(What the task requires) In the listing below, every line with the word "Sanremo" needs to be copied.

(Data under study)
= = =

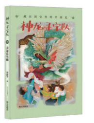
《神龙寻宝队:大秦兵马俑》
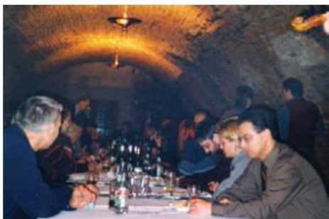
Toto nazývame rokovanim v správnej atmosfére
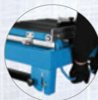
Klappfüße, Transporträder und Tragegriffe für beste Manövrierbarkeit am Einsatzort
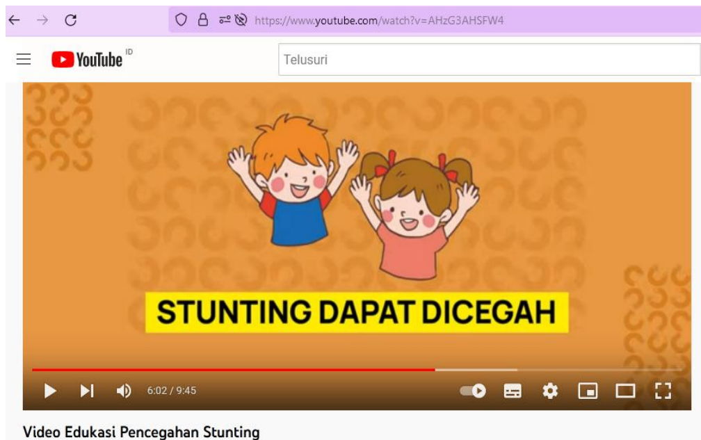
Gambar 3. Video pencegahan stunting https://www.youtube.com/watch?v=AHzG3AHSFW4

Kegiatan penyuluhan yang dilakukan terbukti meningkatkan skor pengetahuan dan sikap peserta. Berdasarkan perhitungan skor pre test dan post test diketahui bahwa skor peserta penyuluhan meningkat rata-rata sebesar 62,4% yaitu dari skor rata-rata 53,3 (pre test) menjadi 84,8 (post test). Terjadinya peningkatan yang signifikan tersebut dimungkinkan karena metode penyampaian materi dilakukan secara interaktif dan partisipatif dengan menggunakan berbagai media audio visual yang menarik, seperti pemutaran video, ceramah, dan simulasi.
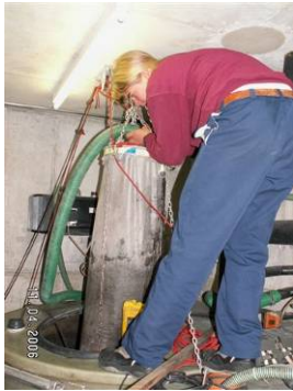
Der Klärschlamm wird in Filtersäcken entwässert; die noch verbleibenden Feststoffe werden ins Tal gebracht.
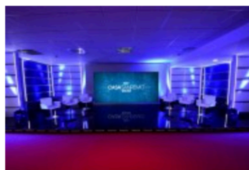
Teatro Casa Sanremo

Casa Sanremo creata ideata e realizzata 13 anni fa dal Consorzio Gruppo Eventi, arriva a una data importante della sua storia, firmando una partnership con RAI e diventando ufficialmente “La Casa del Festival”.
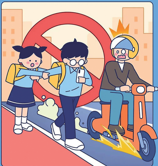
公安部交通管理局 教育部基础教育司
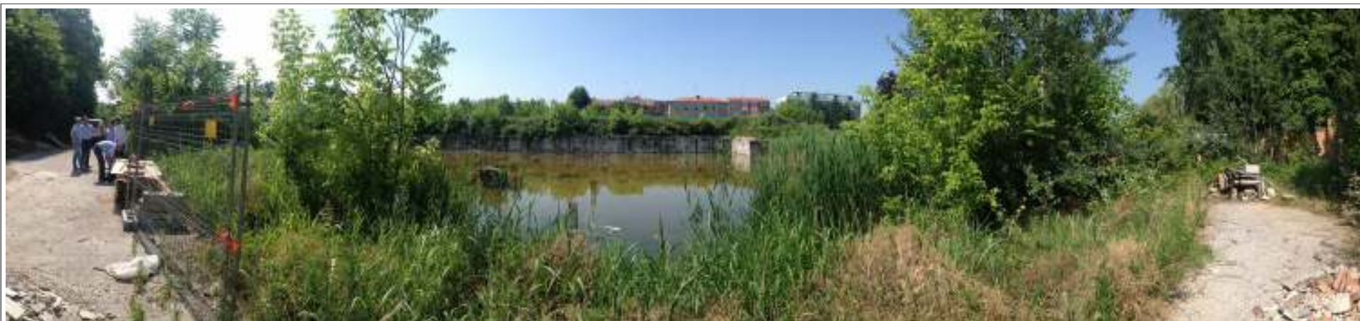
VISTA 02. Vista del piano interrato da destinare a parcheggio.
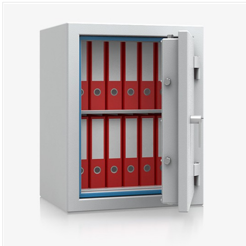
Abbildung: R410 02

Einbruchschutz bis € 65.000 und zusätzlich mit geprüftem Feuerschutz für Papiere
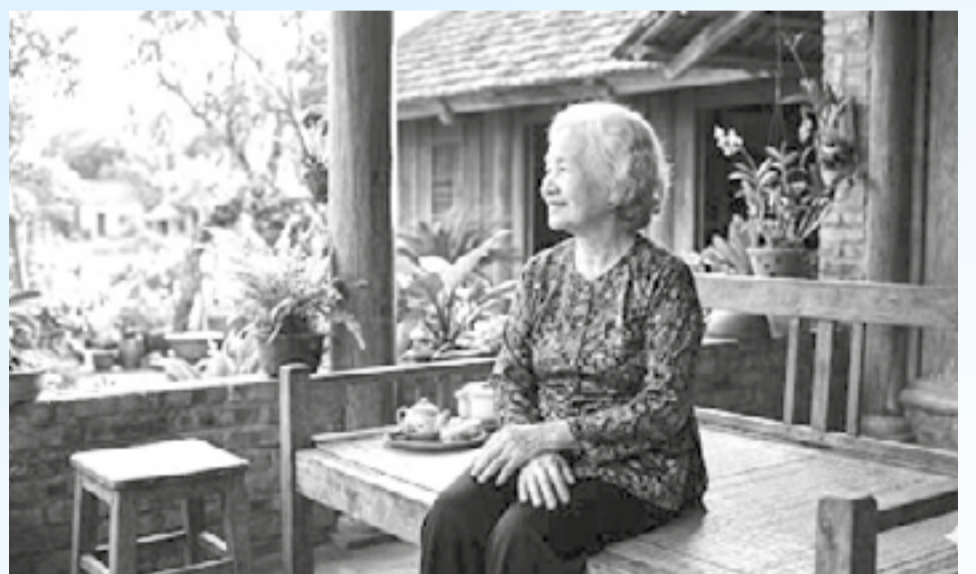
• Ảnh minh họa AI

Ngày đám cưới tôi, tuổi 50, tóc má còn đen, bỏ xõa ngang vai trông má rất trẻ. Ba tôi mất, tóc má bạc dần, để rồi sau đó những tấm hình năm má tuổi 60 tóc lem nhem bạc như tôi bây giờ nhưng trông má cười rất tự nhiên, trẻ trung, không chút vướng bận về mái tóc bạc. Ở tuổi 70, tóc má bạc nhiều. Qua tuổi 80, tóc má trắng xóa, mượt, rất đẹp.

= = =

(Exercise answer)
Teatro Casa Sanremo
Casa Sanremo creata ideata e realizzata 13 anni fa dal Consorzio Gruppo Eventi, arriva a una data importante della sua storia, firmando una partnership con RAI e diventando ufficialmente “La Casa del Festival”.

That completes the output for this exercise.